Эпикрат кивнул.
– Это началось уже при мне, на моей памяти. Люди, не заработавшие себе права гордиться самими собой, гордятся своим городом, который прославили другие. А кончается это тем, что у города вообще не остаётся ничего, чем гордиться можно. Кроме своих мёртвых, которые умели гордиться собой. Ну, ладно. Зато в музыке кто бы ни сделал что хорошее – оно всё наше. Сыграй. Позволь мне послушать ещё раз. Только теперь давай поближе к тому, что композитор написал.
Александр повесил инструмент поперёк груди, басовыми струнами к себе, и мягко тронул их пальцами левой руки, а верхние струны – медиатором, который был в правой. Голова его чуть склонилась набок; казалось, он слушает больше глазами, чем ушами. Эпикрат следил за ним со смешанным чувством раздражения и любви. И, как всегда, спрашивал себя: смог бы он научить мальчика чему-то большему, если бы отказался его понимать? Нет, скорее всего тот просто бросил бы музыку. Ему ещё и десяти не было, когда он уже умел достаточно, чтобы бренчать на лире за ужином, как подобает благородному человеку. Никто не стал бы настаивать, чтобы он учился дальше.
Александр взял три звучных аккорда, сыграл длинную журчащую каденцию и запел.
В возрасте, когда у всех македонских мальчишек голоса начинают грубеть, его чистый альт стал только сильнее прежнего. Когда этот голос возносился ввысь, вместе с высокими трелями струн, вылетавшими из-под медиатора, – Эпикрат всегда удивлялся, что его это, вроде, совершенно не смущает. И он не стеснялся явно скучать, – даже показать, что злится, – когда другие ребята обменивались непристойностями, как свойственно мальчишкам в эти годы. Мальчик, которого никто никогда не видел испуганным, может себе позволить быть не таким как все.
Бог каждого ведёт по своему пути,
И ни дельфину ни орлу от бога не уйти,
На каждом из людей лежит его рука,
Но некоторым он дарует славу на века…
Голос взлетел и затих; струны повторили напев, словно отдались эхом в ущелье.
Опять его понесло, – со вздохом подумал Эпикрат.

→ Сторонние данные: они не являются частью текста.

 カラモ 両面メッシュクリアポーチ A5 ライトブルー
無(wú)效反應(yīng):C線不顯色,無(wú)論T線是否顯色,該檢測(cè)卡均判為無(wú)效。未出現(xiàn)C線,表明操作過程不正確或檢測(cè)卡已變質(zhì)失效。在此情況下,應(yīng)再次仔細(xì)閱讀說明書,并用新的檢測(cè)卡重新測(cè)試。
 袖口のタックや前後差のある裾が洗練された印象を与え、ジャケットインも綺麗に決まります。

Стремительная, страстная импровизация опять, как всегда, была слишком громкой, слишком надрывной… Но Эпикрат не вмешивался: не хотел, чтобы Александр обращал внимание на него. Он злился на себя; за то что растрачивает здесь жизнь впустую, во многом себе отказывая и прекрасно понимая бессмысленность своих усилий. Ведь он даже не влюблён – вкусы у него совсем другие, – так чего ради он тут торчит?
Такое исполнение восхитило бы верхние ряды в одеоне Афин или Эфеса, – думал он, – они освистали бы судей… Но ведь Александр не на публику работает, и его манера не от невежества – уж об этом я позаботился, – а от чистейшей, совершеннейшей наивности… Как раз поэтому я и здесь. Я чувствую, что необходим, хоть и не могу измерить всю глубину этой необходимости. И отступиться мне просто страшно.

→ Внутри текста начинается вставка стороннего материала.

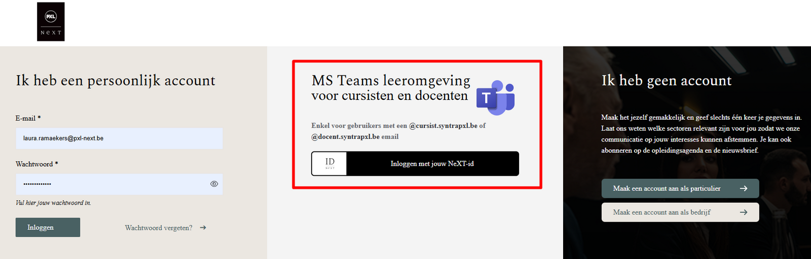 Op zoek naar het docentenportaal? In jouw Login | PXL-NeXT kan je links de directe link vinden naar dit platform.

В Пелле у него был один мальчишка – сын местного торговца, – которого он услышал нечаянно и взялся учить бесплатно, для души. Паренёк обещал стать настоящим профессионалом, занимался усердно, был благодарен… Но тё плодотворные уроки значили для Эпикрата гораздо меньше чем эти, на которых все его святыни безжалостно швырялись на неизвестный алтарь.

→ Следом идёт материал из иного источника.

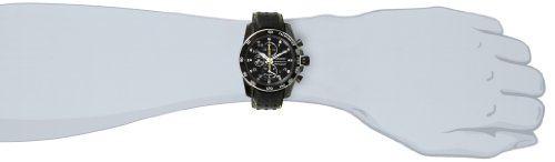 -. Feature : Round watch in stainless-steel with black dial, tachymeter bezel, and perforated leather band with contrast stitching / Japanese quartz movement with analog display / Protective Hardlex crystal dial window / Features buckle closure, chronograph subdials, date window / Water resistant to 330 feet (100 M): suitable for snorkeling, as well as swimming, but not diving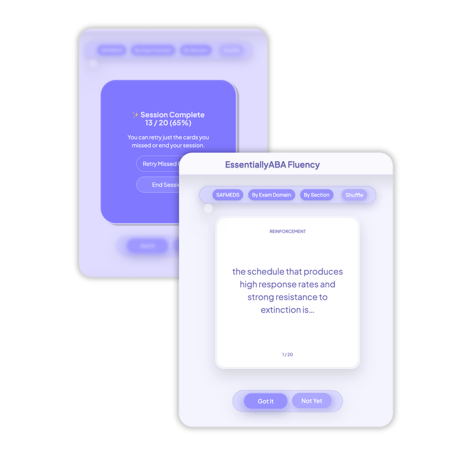Studying ABA doesn't have to be dense or overwhelming. A structured system that takes you from first learning a concept to recalling it automatically under exam pressure, all in one place.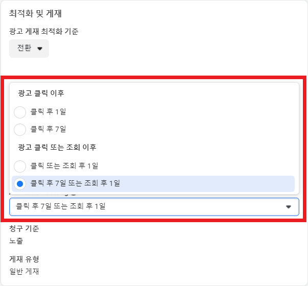 반면 개제 최적화 기준은 사람들에게 광고를 보여주는 기간에 대한 설정으로

Украсьте чёлн цветами, пою я храбрецам…
Зазвучало бешеное крещендо. Губы мальчика были приоткрыты в неистовой, интимной улыбке, какая бывает при акте любви, совершаемом в темноте. Инструмент не выдержал и начал фальшивить; он наверняка это слышал, – но продолжал, как будто его воля могла подчинить струны.
Когда-нибудь он обойдётся с самим собой точно так же, как сейчас с кифарой, – подумал Эпикрат. – Мне надо уезжать, давно пора. Я уже дал ему всё, что он способен взять, а это он может и без меня. В Эфесе постоянно, круглый год, можно слушать хорошую музыку, а иной раз бывает и самая лучшая… И в Коринфе хотелось бы поработать… Можно взять с собой Пифона, ему очень полезно послушать мастеров… А этот – я его не учу, а он меня разлагает. Он приходит ко мне выговориться, я для него слушатель, который понимает язык. И я слушаю, хотя он и уродует родной язык мой. Пусть он играет тем богам, какие его услышат, а мне пора уезжать.
… Так будь же ты достоин рожденья своего!
Он снова рванул медиатором по струнам. Одна лопнула и хлестнула по остальным, задребезжал диссонанс, наступила тишина. Он смотрел на кифару, словно не веря.